ASSIGNMENT »
Copy word for word the lines of the records below, beginning at the one with "日経平均の移動平均60日線が43日ぶりに終値ベースで上回ってから" and finishing at the one with "Кистень круглый уплощенный", ends included, but none of the pictures.

RECORDS FOR PROCESSING »
===

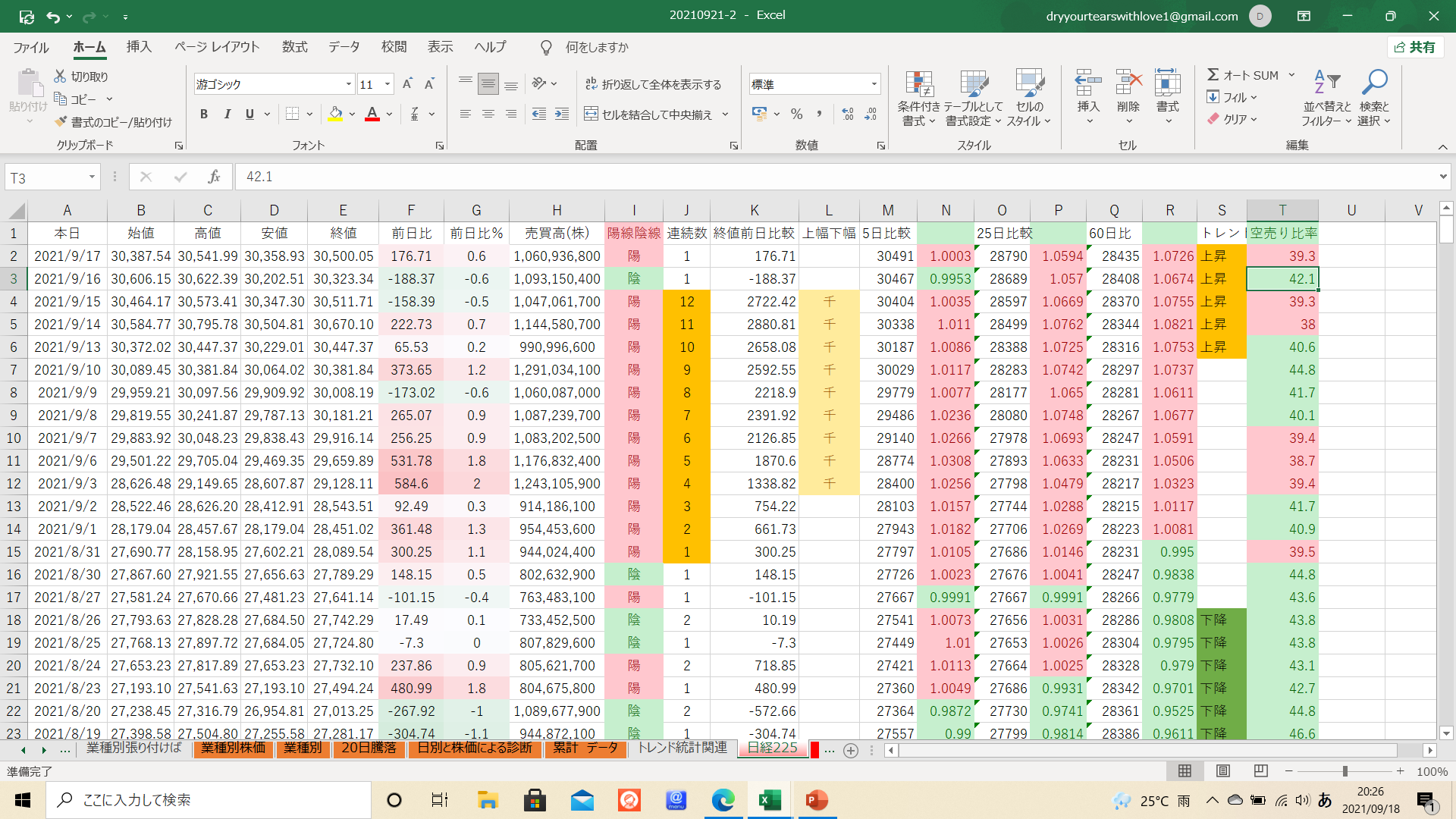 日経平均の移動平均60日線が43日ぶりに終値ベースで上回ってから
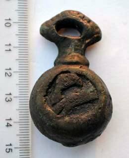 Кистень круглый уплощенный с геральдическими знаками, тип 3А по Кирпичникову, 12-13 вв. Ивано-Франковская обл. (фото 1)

===

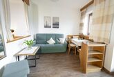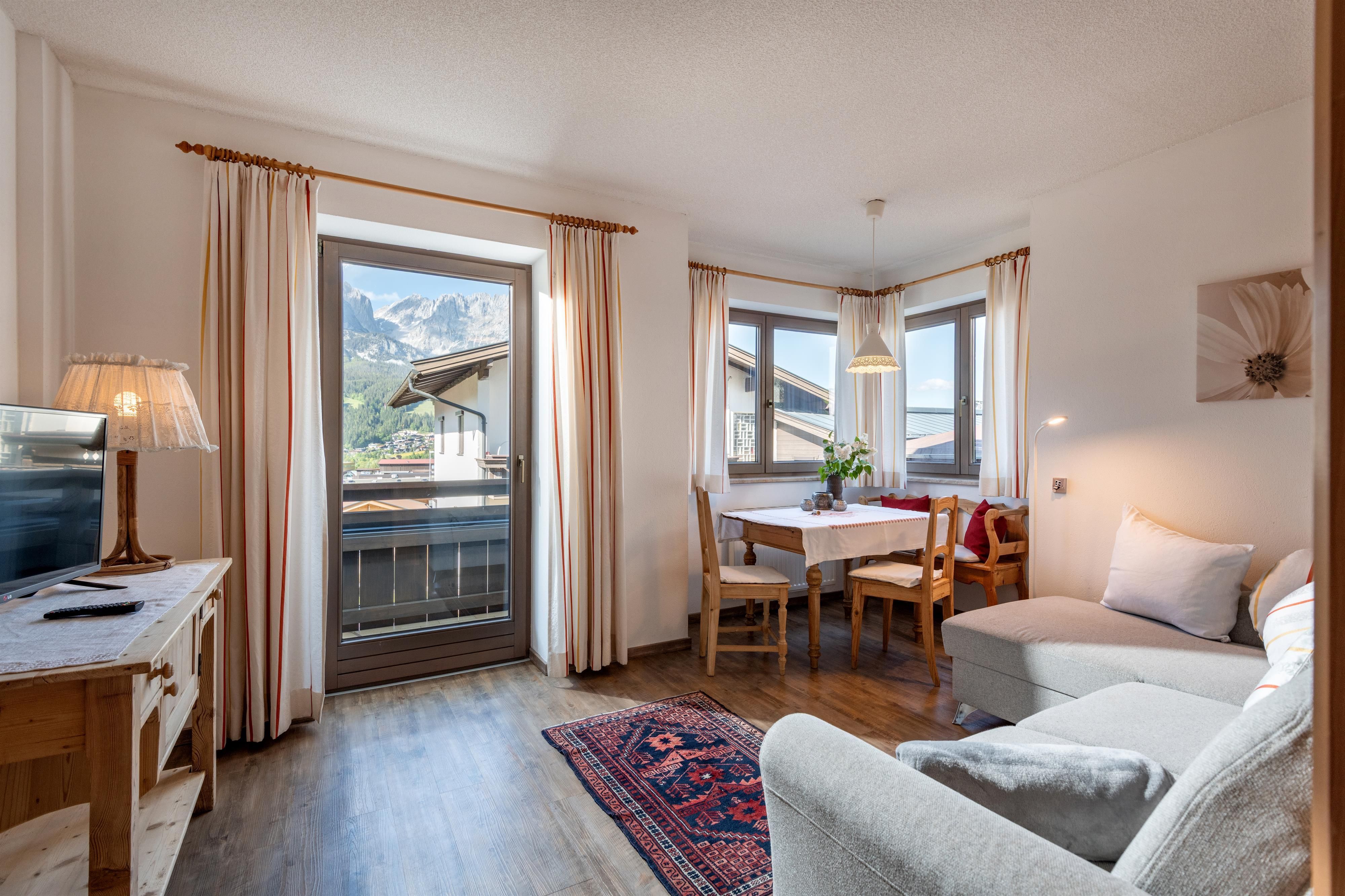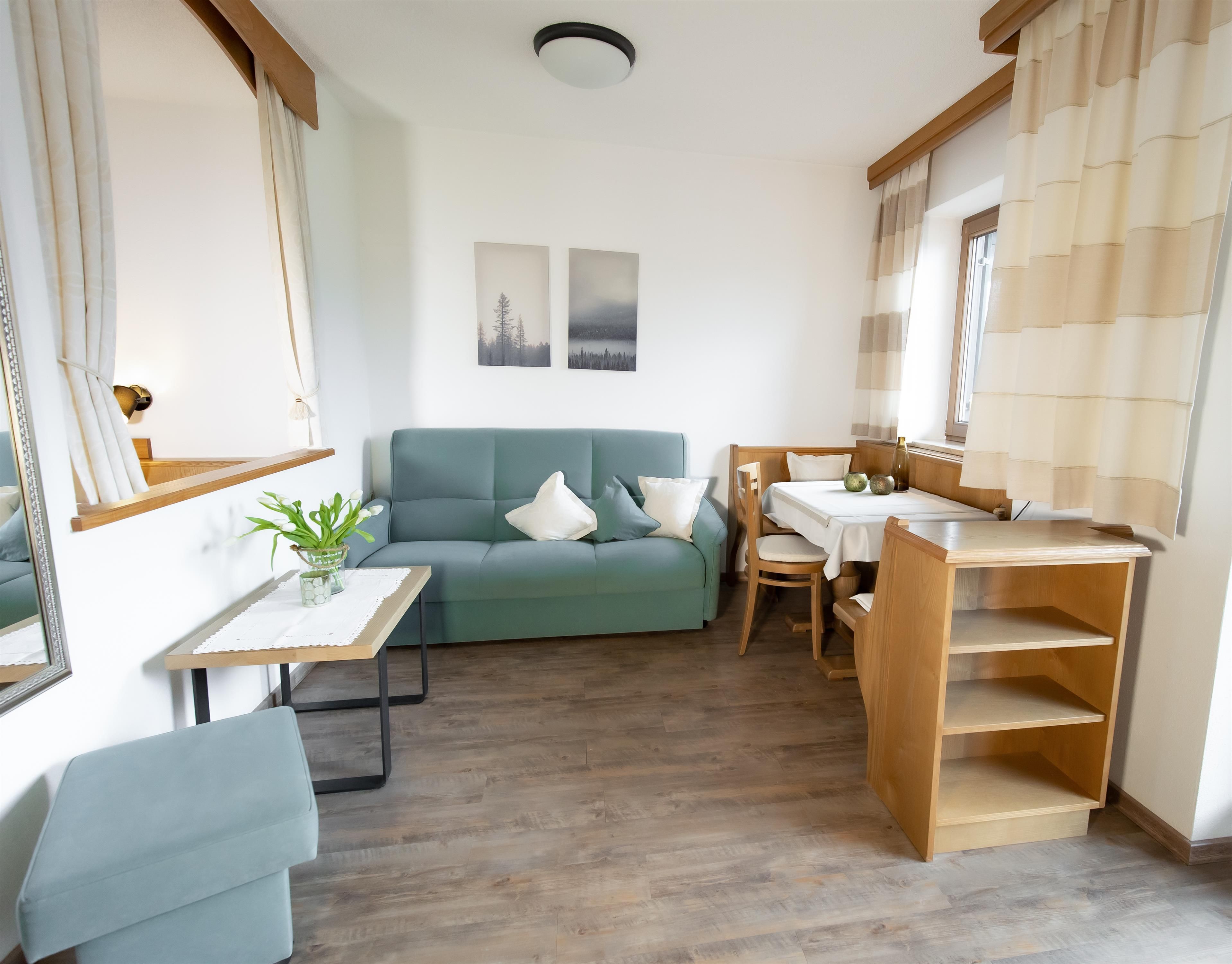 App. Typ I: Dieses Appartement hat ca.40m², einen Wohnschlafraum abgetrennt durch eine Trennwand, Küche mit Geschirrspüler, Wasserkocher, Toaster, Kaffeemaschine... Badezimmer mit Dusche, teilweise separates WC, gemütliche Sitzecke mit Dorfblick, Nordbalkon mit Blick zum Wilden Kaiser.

===

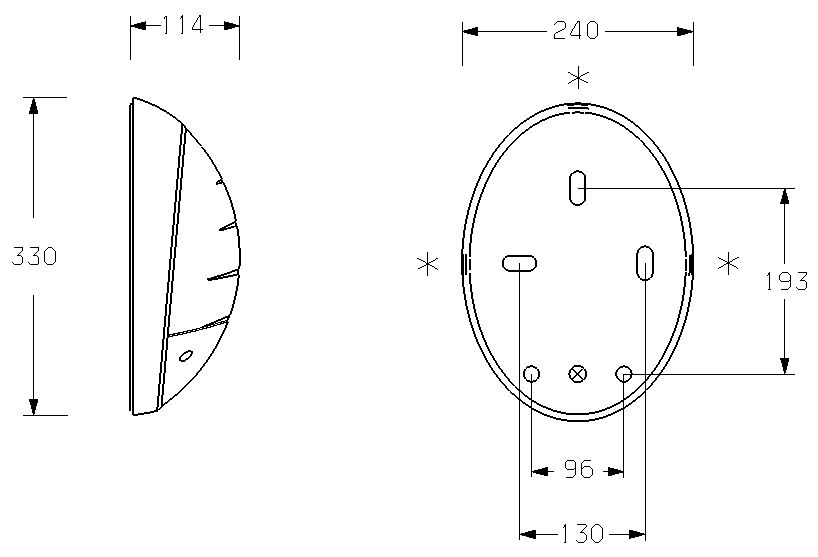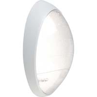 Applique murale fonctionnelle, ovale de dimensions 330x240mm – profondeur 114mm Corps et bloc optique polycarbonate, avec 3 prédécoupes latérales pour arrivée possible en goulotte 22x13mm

===

SOLUTION TO THIS PROBLEM »
 日経平均の移動平均60日線が43日ぶりに終値ベースで上回ってから
 Кистень круглый уплощенный с геральдическими знаками, тип 3А по Кирпичникову, 12-13 вв. Ивано-Франковская обл. (фото 1)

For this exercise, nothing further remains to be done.